I worked on a Smithsonian exhibition for the Columbus Quincentenary in 1992 called “Seeds of Change” on the plants and animals exchanged between the Old and New Worlds after Columbus’s voyages, and did very extensive reading on the subject. I have never heard of any such issues. But there were never any such issues in the first place; we haven’t “evolved” so we don’t have them any more.
Yeah, evolution works very slowly. If we’ve evolved since 500 years ago it’s that people who are most susceptible to some diseases had a few fewer descendants. We haven’t evolved to digest tomatoes.
I don’t know about foods but apparently chocolate caused huge scandals. I’m not sure I can find the cite in 2 minutes. From Eduardo Galeano’s 3-volume Memory of Fire, the early Spanish colonists in the Americas were crazed for hot chocolate even during church services. The ladies especially. Had me clutchin my pearls. Wait! here it is:
I am not sure if allergies count as GI issue but people have peanut allergies. Also you can get allergies from the latex in raw papaya, if you are not careful. But at the same time papaya enzymes are good for digestion.

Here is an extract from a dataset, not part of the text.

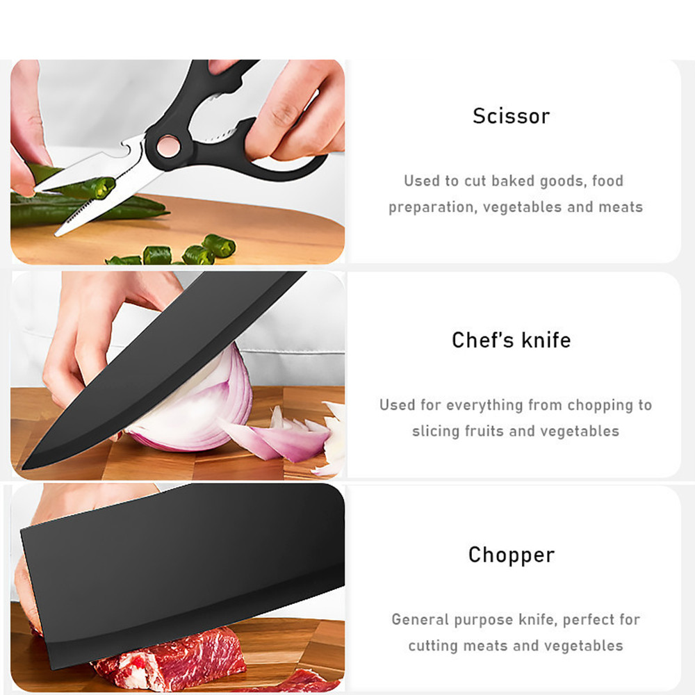 Swiss Thomas Kitchen Knife 9in1Set Sharp & Durable Stainless Steel /Set Pisau Dapur Serbaguna Premium Tajam, Tahan Lama

Wait…what? I sincerely think I’m missing something. Are you saying that people of European descent have trouble digesting tomatoes? That would directly contradict what I understood you to be saying upthread. Was I just whooshed?
Manioc needs to be extensively processed to remove all the cyanide. However boiling it removes the bad taste and enough cyanide that it is can be eaten safely in the short term. The problem is that over time eating unprocessed manioc can lead to chronic cyanide poisoning. Thus manioc eaters in the new world eat it processed and have no ill health but manioc eaters in the old world, mainly Africa, have serious health problems.

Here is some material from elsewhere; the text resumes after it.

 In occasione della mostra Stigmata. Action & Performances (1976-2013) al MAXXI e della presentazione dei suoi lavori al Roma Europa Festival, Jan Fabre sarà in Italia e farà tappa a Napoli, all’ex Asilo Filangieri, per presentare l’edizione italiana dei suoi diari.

For what it’s worth, Samuel Pepys writes about having a terrible hangover on the day after Charles II’s coronation and going out with a friend “to drink our morning draught, which he did give me in chocolate to settle my stomach.” It’s not quite clear from Pepys’s syntax whether he’s drinking chocolate as his morning drink, instead of a boozier alternative, or mixing the chocolate with the booze (which doesn’t sound altogether stomach-settling!) But at any rate, he and his buddy both seem to take it for granted that chocolate helps with an upset stomach, and I don’t think they would have gotten this idea if chocolate had caused obvious GI issues in the first few Europeans who tried it.
All the “exotic” hot drinks—chocolate, coffee, tea—were perceived for quite a while in 17th- and 18th-c. Europe as being fundamentally medicinal. Yes, a “morning draught” might combine chocolate and sack, or dry white wine.

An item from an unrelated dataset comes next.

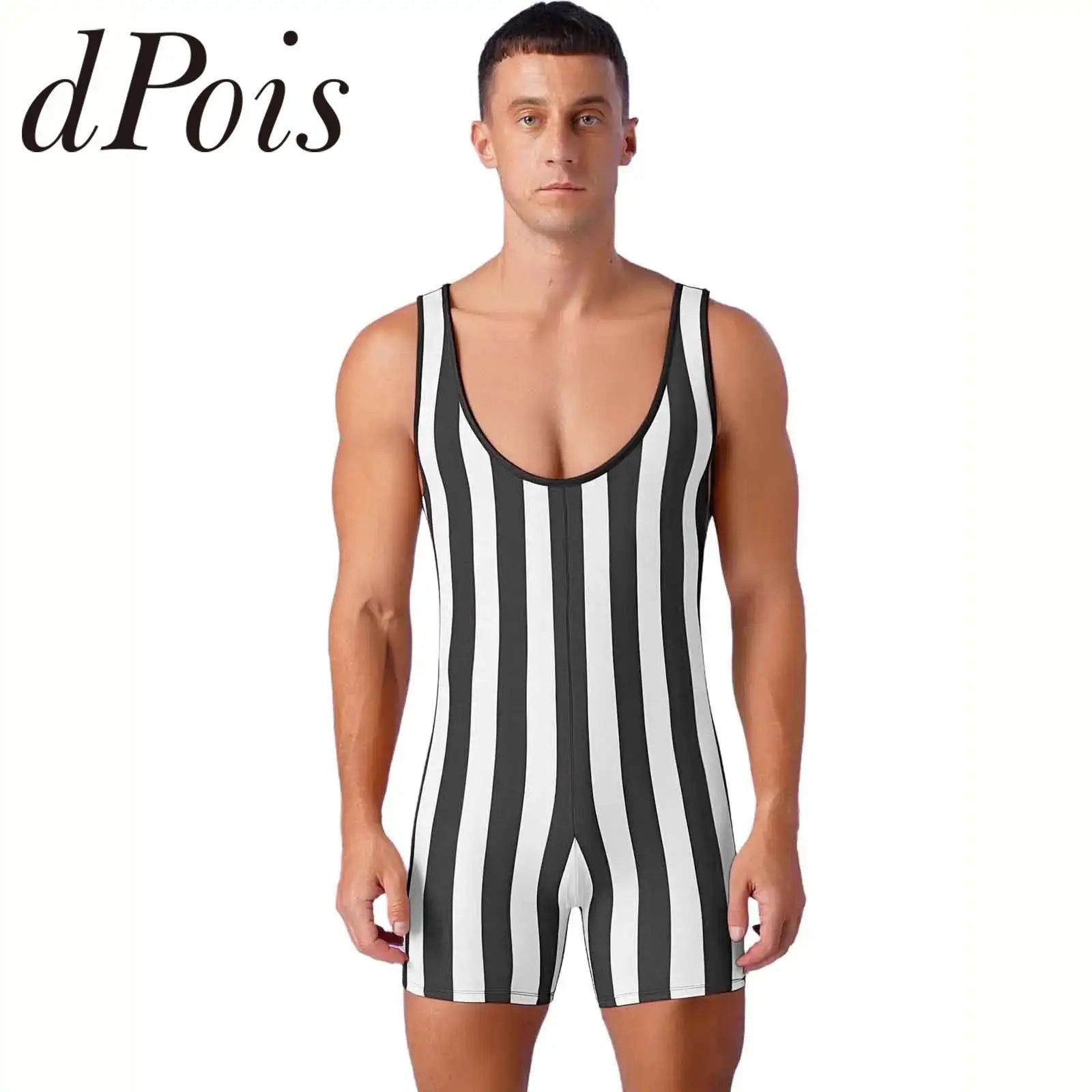 Men's Swimwear Gym Sports Yoga Gymnastics Leotard Bodysuits Striped Jumpsuit Swimming Suits Workout Wrestling Singlet Bodysuit

I’m not sure where you’re getting this from. As I said, there’s a big difference between sweet and bitter varieties of cassava/manioc. Sweet cassava doesn’t need to be “processed” beyond boiling, baking, or frying. I eat it frequently here in Panama (where it’s called yuca) prepared in this way, and it’s a staple part of the diet. I haven’t heard of it being a health problem despite the lack of processing. In Brazil and the Caribbean cassava is more commonly processed into meal or flour, in which the toxins are removed by soaking or fermentation.
You make it sound as if Africans don’t process cassava, which is certainly incorrect. It’s processed in many different ways. I’ve had cassava in West Africa as fufu and in other forms. Now there may be some places where cassava is sometimes not processed correctly, causing health problems, but this is not really an Old World/New World distinction.